§ **Brief**
Begin at the line that holds "9月27日19点,我校学工部" and copy each line exactly until the data below ends, including that last line but no pictures.

===== Given data =====

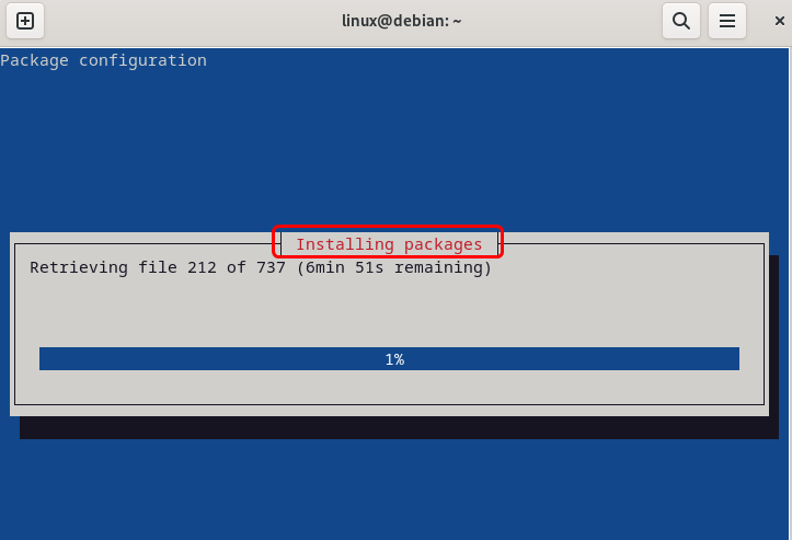 To start the process of KDE installation on Debian 12 run the tasksel utility:
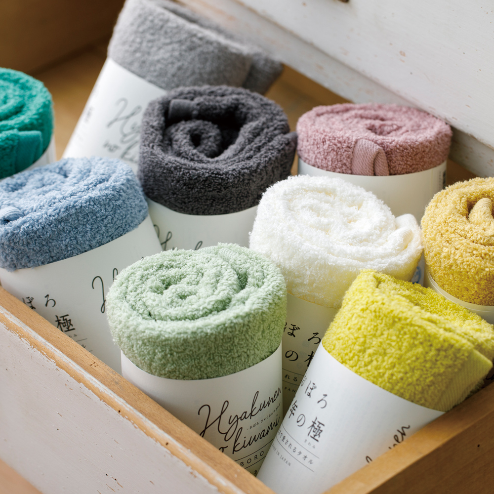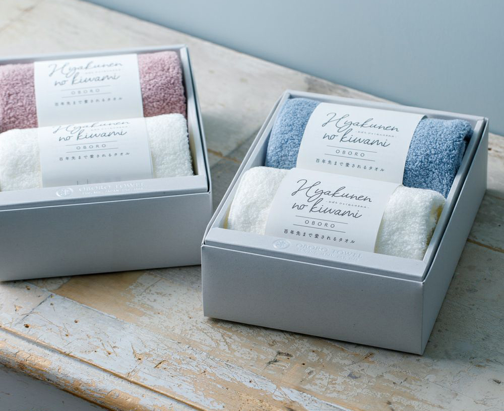 ボリューム感がありながらも手に取ると軽い「おぼろ百年の極」のフェイスタオルを2個組み合わせた、ギフトボックス入りのセット。
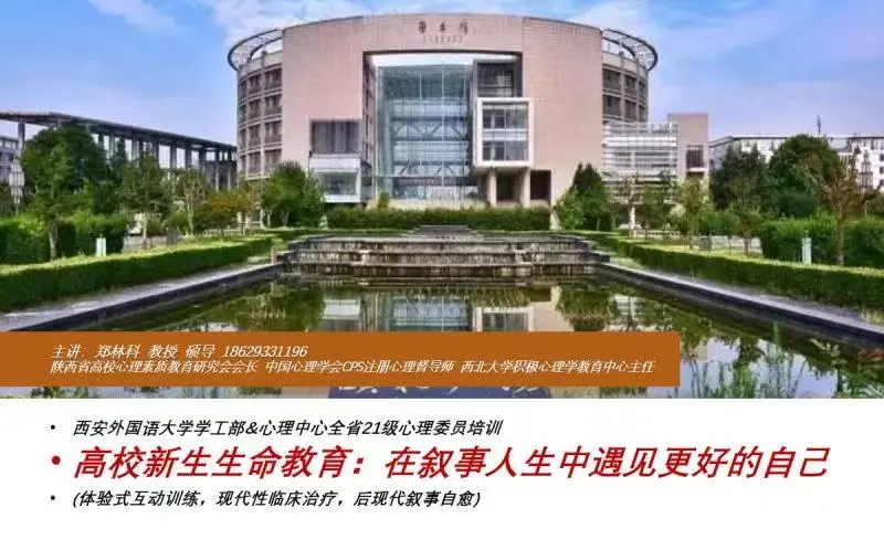 9月27日19点,我校学工部学生心理健康教育与咨询中心特邀陕西省高校心理研究会会长郑林科教授,通过瞩目会议室平台,为我校2021级心理委员带来了一场精彩的讲座——大学新生入学生命教育:在叙事人生中遇见更好的自我。学工部部长丁铭老师主持了此次讲座。
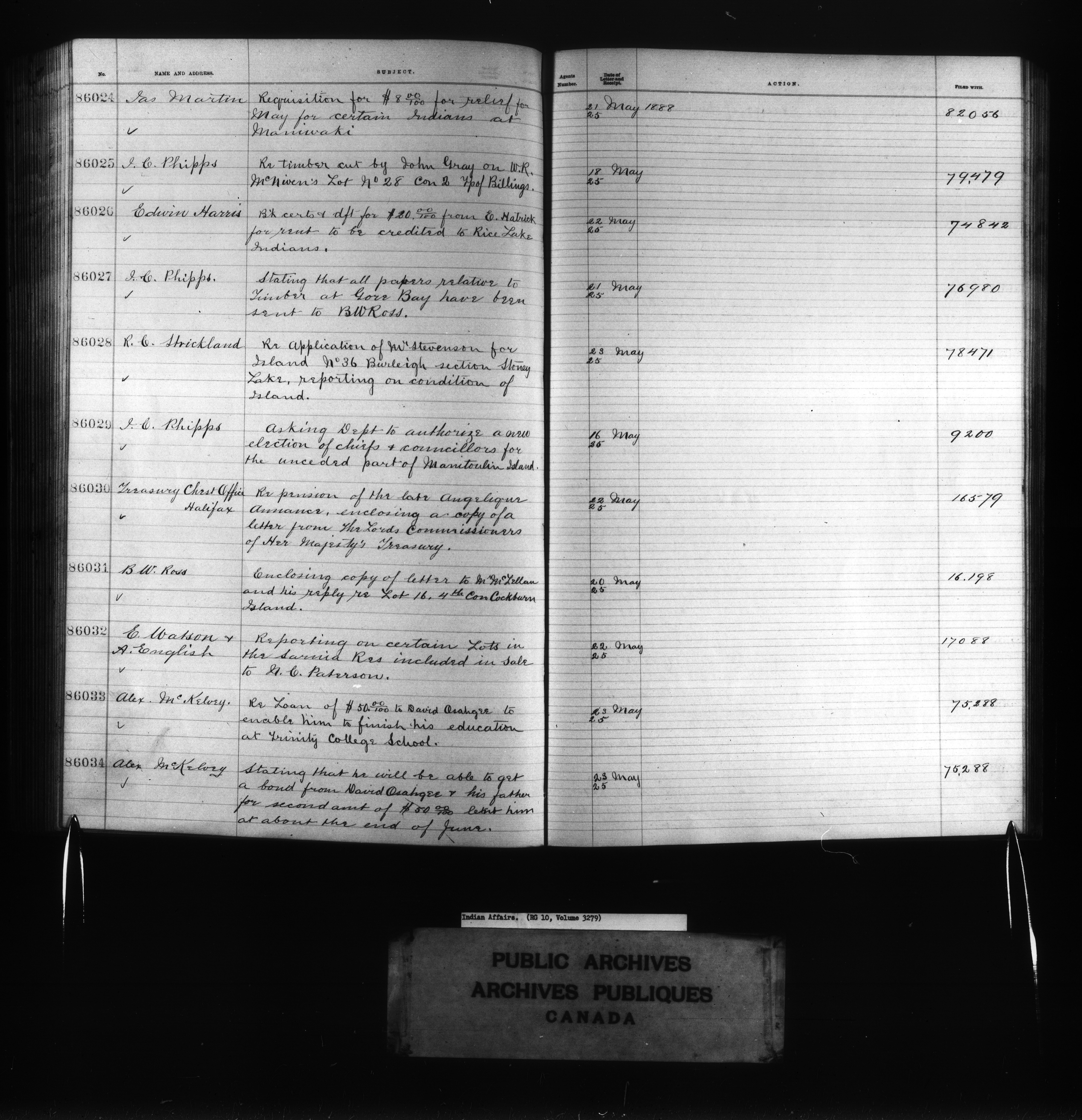 Department of Indian Affairs, Headquarters central registry system :registers, indices and indexed registers : C-10723

=====

§ **Response**
 9月27日19点,我校学工部学生心理健康教育与咨询中心特邀陕西省高校心理研究会会长郑林科教授,通过瞩目会议室平台,为我校2021级心理委员带来了一场精彩的讲座——大学新生入学生命教育:在叙事人生中遇见更好的自我。学工部部长丁铭老师主持了此次讲座。
 Department of Indian Affairs, Headquarters central registry system :registers, indices and indexed registers : C-10723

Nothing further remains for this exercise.